Thus the two end walls have a height at least about as tall as the
height of an erect floodwater barrier unit or floodwater barrier
assembly, for preventing floodwaters--risen as high as the fully
erect height of the floodwater barrier unit or connected such
units--from flowing around the upper portions of the lateral sides
of the erect floodwater barrier unit or floodwater barrier
assembly.
[0056] Between the end walls may be one or more additional walls
transverse to the shoreline. These additional walls would have
floodwater barrier units or a floodwater barrier assembly on both
sides. A first floodwater barrier unit or a floodwater barrier
assembly may be located between the first end wall and a next
adjacent additional wall, and a second floodwater barrier unit or a
floodwater barrier assembly may be located between the second end
wall and a next adjacent additional wall. The additional wall or
walls are thus "intermediate" the ultimate end walls. Strategic
placement of intermediate walls allows floodwater barrier units or
a floodwater barrier assembly to incrementally turn and follow a
change in direction of a shoreline.
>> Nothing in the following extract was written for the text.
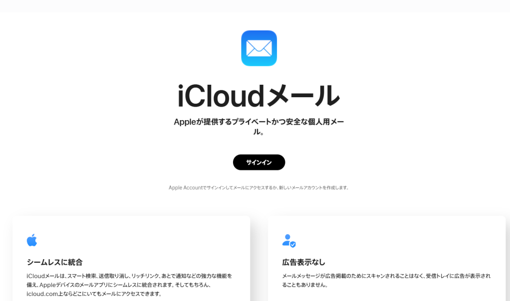 iCloudメールは、Apple社が提供するWebメールで、iPhoneやMacなどApple製品ユーザーに最適化されています。

Additionally, especially for
installations in which a floodwater barrier unit or a floodwater
barrier assembly is located on-shore (for example along a levee,
riverbank or sea wall construction), use of intermediate walls
allows a floodwater barrier unit or a floodwater barrier assembly
not to be so lengthy and therefore heavy that raising it for
servicing drains or other structures in a recess underneath the
floodwater barrier unit or a floodwater barrier assembly becomes
overly difficult.
[0057] The invention contemplates a method for protecting from
flooding a shore adjacent a place for a body of water. In an
exemplary embodiment, the method comprises providing, between a
pair of walls transverse to a shoreline of the shore, a floodwater
barrier unit or a floodwater barrier assembly. The floodwater
barrier unit or a floodwater barrier assembly comprising such units
includes a panel assembly comprising a flexible resilient panel
having one or more watertight chambers of size and arrangement to
give the panel water buoyancy and a plurality of rigid attachment
members connected to the panel. The floodwater barrier units are
attached to a construction along the shoreline by a stationary
pivotation member movably joined to a movable pivotation member
connected to the panel assembly. The panel assembly is rotatable
upwardly about an axis of the pivotation members longitudinal with
the construction under the influence of buoyancy and hydrostatic
pressure from a rise of the body of waters. The method further
comprises providing flexible tension members connected to the panel
assembly and positioned to act on the panel assembly to limit
rotation of the panel to a predetermined extent.
[0058] The buoyant flexible resilient panel in the method may be a
flexible panel supported between two elongate rigid attachment
members by a plurality of resilient flexible stringers arranged
transversely to and connecting to the two elongate rigid attachment
members. Alternatively, the flexible resilient panel may be a
resiliently elastically deformable panel supported between two
elongate rigid attachment members, and may or may not be supported
between two the elongate rigid attachment members by a plurality of
resilient flexible stringers arranged transversely to and
connecting to the two elongate rigid attachment members.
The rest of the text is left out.